On Australia’s young ICT skills gap

The number of Australian ICT professionals under the age of 30 has declined 66% in the last three years – according to a recent Greythorn Recruitment survey (ZDNet). Two reasons are given:

  • Less graduates were coming through the education system (a drop of 36% in university enrolments since the peak in 2001)
  • More young workers (up to 66%) were considering working overseas

Proportion of IT professionals under 30

(source: Greythorn quoted in ZDNet, 2014)

Previous STEM crisis articles, particularly the ‘STEM Crisis is a Myth‘ article from Robert Cherette, have commented on the boom/bust nature of ICT aspirations – that roughly every 10-15 years the tech sector experiences rapid growth and then collapses leaving a pile of faded dreams and jaded employees. In Australia our boom was 2001 – that was the height of university enrolments in tech degrees. The above charts capture this shift in demographics: anyone starting their degree in 2001 (aged roughly 17 or 18) would now be 30 or 31. By 2008 enrolments had dropped to 50% of the 2001 peak – this gives us a low replacement rate as evidenced above.

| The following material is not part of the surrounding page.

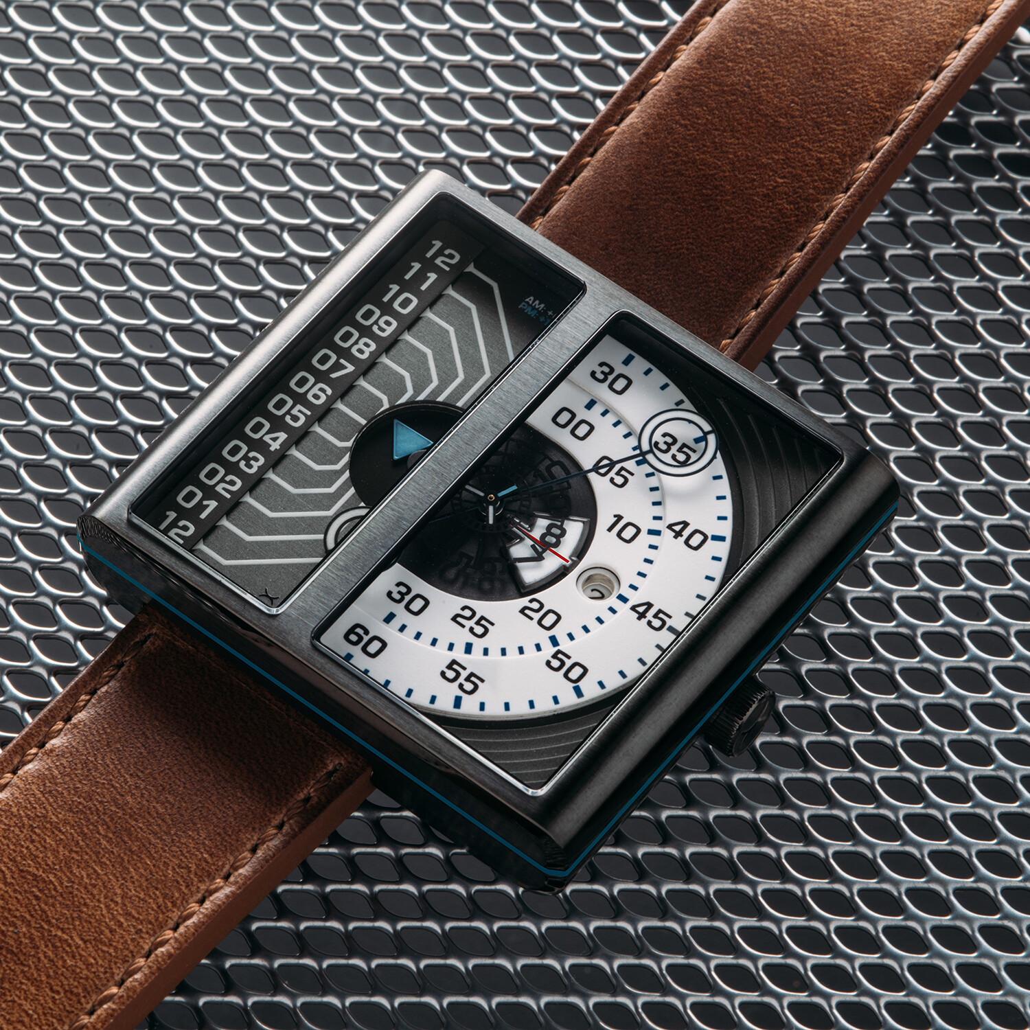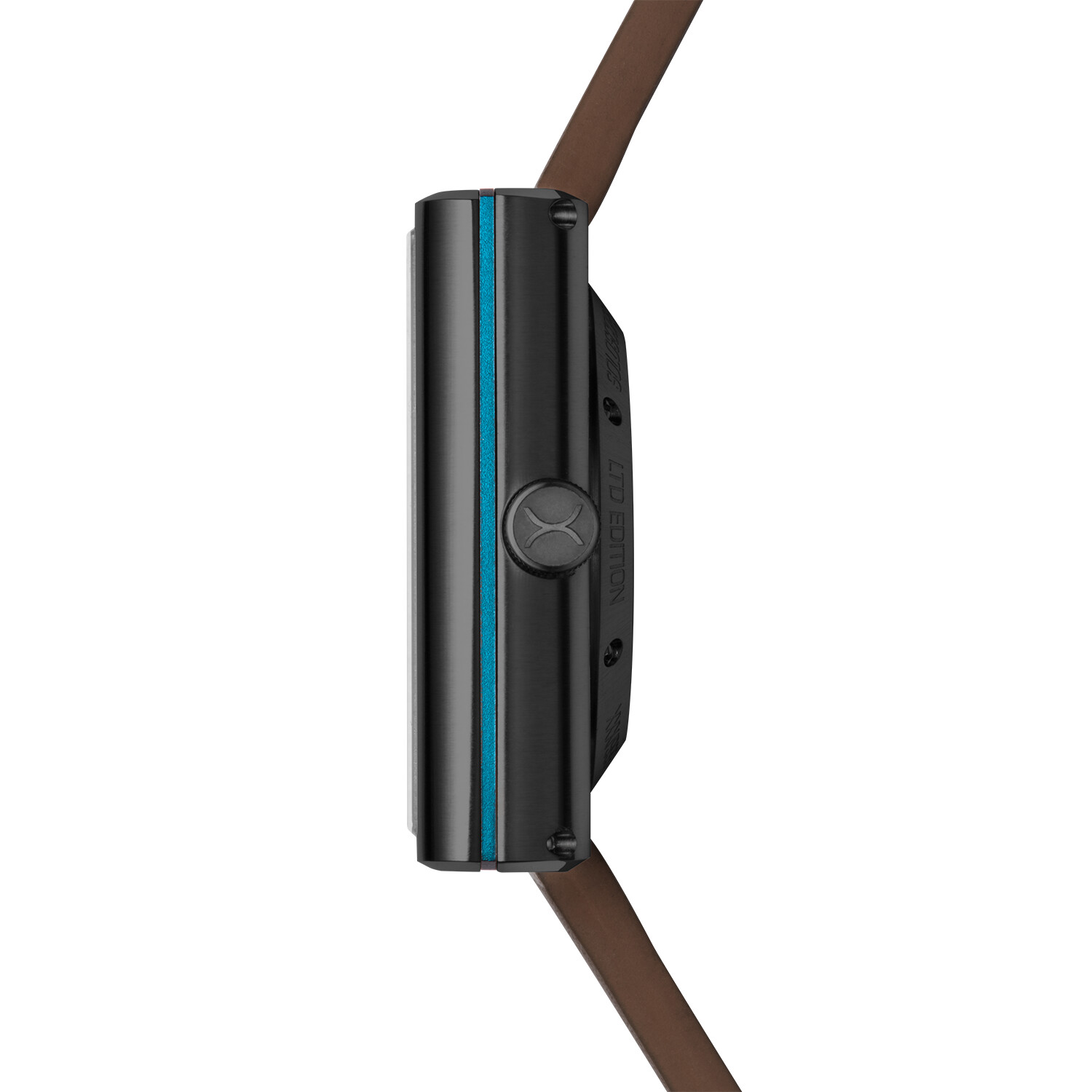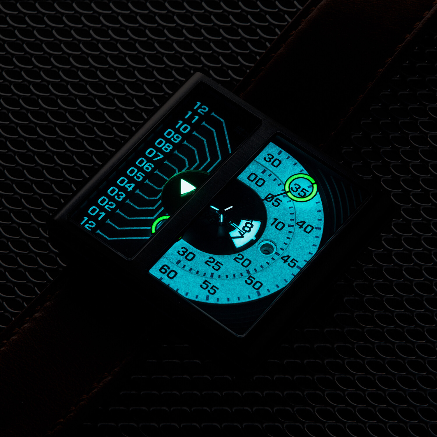 The Soloscope II Automatic has been completely redesigned and upgraded from the original. Powered by the venerable Miyota 8217 automatic movement with date function, a 40 hour power reserve, and a custom-designed rotor that can be seen through the case back. A skeletonized hour hand comes into view as it rotates over a luminous background while the halo hand encircles the minutes. The left-hand side of the watch is an AM/PM indicator and can alternatively be used to read the hours. The new case design features a slimmer profile with a colorful anodized aluminum ring, integrated lugs, and anti-reflective sapphire glass.

The Commonwealth’s Department of Education recently reported that “employers have little difficulty recruiting workers that meet who meet their skill level expectations” (Skills Shortage Australia, 2014). This may be the case in late 2013, early 2014 but I wonder what it will be like in five years time. One of the findings of last year’s AWPA report was that while there are currently enough ICT workers in Australia, younger generations are having trouble developing enough experience to be considered for local employment.